Nick Hanauer: 09:59 Yeah.

Jessyn Farrell: 09:59 Whether or not that’s true, part of it is that we don’t talk about economic policy in terms of what is best for the broad swath of Americans, and that’s your point about centrism.

Nick Hanauer: 10:09 That’s right, and putting lie to the claim that if you’re making rich people richer, that’s better for everybody, and the Republicans have been great at telling this trickle-down story, the neoliberal story, that what’s good for rich people is good for everyone, and that theory of growth beats no theory of growth, which is where the Democratic Party has been for a very long time.

Jessyn Farrell: 10:29 Yeah, and so that brings me back to that day in the office where you had brought this yardstick, and we were all scratching our heads, wondering what you were doing with a yardstick, and you started talking about this idea of the center being the thing that benefits the vast majority of people, and from that, coming this article, Democrats Must Reclaim the Center by Moving Hard Left-

Nick Hanauer: 10:49 Yeah, that we did in Politico in August, which you should read, dear listeners.

Jessyn Farrell: 10:53 Right, in August. It’s a great article.

Nick Hanauer: 10:54 Yeah. Google that, Democrats Must Reclaim the Center by Moving Hard Left.

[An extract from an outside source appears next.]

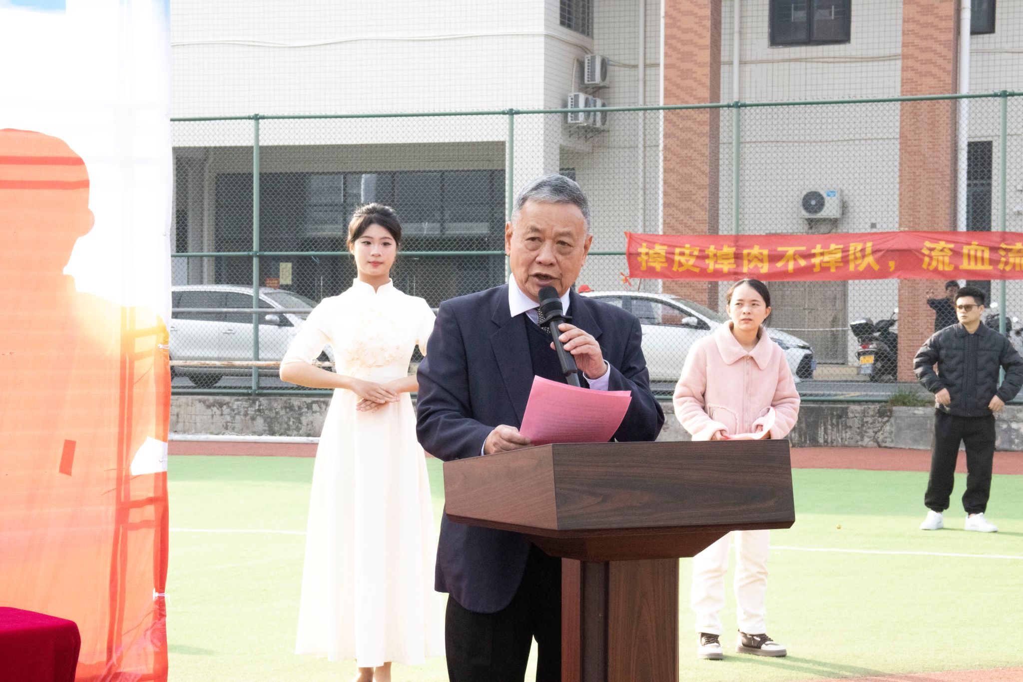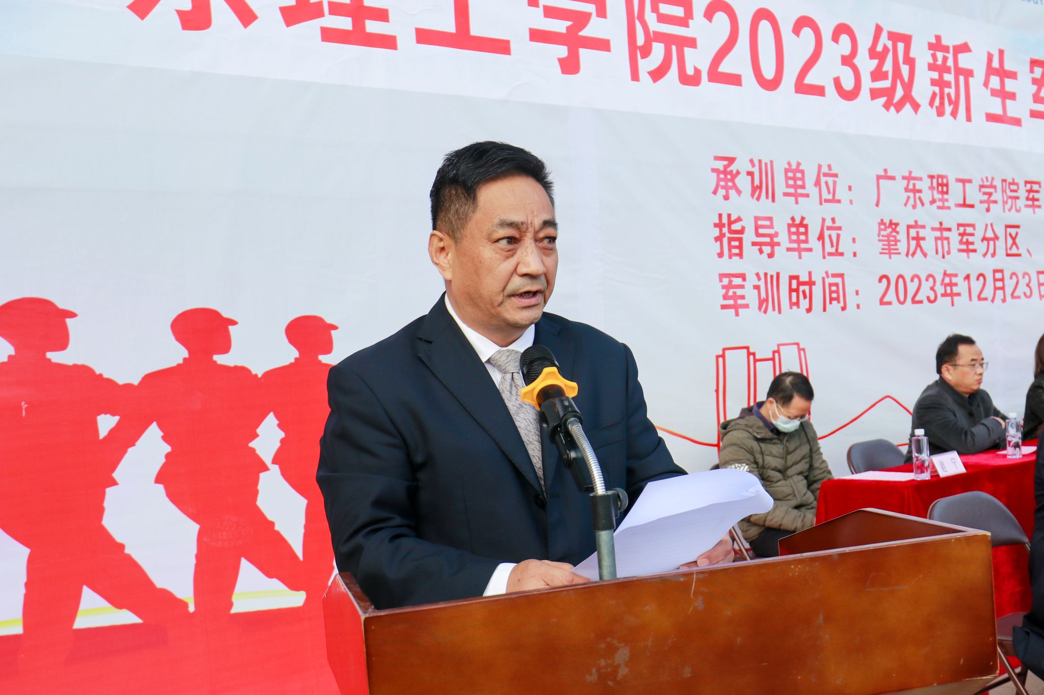 本网讯(新闻中心)为总结2023级学生军训工作、检阅军训成果,表彰军训中表现突出的先进集体和先进个人,1月5日上午9:00,Beat365分别在高要校区与鼎湖校区田径场同步举行2023级新生军训总结暨表彰大会。学校校长张湘伟,党委书记张东生,学校副校长王义宁,党委副书记张宗珊,学校副校长刘香萍、谭锦兴,校长助理于兆勤、唐建宁、舒程、梁伟雄,高要区人武部副部长曾盛境中校、肇庆军分区教员苏文浩,学生处处长谭蒙革,学校武装部部长曾荫初,保卫处副处长吴群峰以及各二级学院党总支书记出席本次大会。大会分别由王义宁、刘香萍主持。大会在庄严的升旗仪式中拉开帷幕。

Jessyn Farrell: 10:59 Exactly, and then how far we’ve come. Right?

Nick Hanauer: 11:01 Yeah.

Jessyn Farrell: 11:01 So, we put this idea out into the world, and now we are debating is Bernie Sanders a centrist. One might argue, free college, free community college, free college, that’s a centrist.

Nick Hanauer: 11:12 Yeah. Yeah.

Jessyn Farrell: 11:13 Free healthcare, Medicare for all, or healthcare for all, centrist.

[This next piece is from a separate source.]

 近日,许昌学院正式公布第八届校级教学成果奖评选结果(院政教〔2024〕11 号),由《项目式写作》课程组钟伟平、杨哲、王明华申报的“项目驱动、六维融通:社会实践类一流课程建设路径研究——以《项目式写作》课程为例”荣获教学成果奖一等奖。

Nick Hanauer: 11:17 Yeah, centrist. Yeah. Yeah. We have come far.

Jessyn Farrell: 11:19 We have come far.

Nick Hanauer: 11:19 Yeah. So, today we get to talk to our friend, Pramila Jayapal, who’s one of the most remarkable members of Congress, who definitely understands these issues of centrism in a way that few people do.

Jessyn Farrell: 11:32 Yeah. She is just a complete rockstar as the first Indian-American woman to serve in the House of Representatives. She’s the first vice chair of the Congressional Progressive Caucus. She is one of the best organizers in the country. You’ve seen it on her work on local issues, whether it’s raising the minimum wage-

Nick Hanauer: 11:50 That’s right, and a long-time collaborator of ours here in Seattle on lots of fun things.

Jessyn Farrell: 11:53 Yep, and you see it in her work in Congress, organizing those Congress people into having a really strong progressive stance and a strong progressive institutional mechanism, which she has really invigorated and worked towards. It’s really exciting to see her.

Nick Hanauer: 12:12 So, we’re just gonna begin to chat, and this is gonna be both a podcast and catch-up. Okay? Okay?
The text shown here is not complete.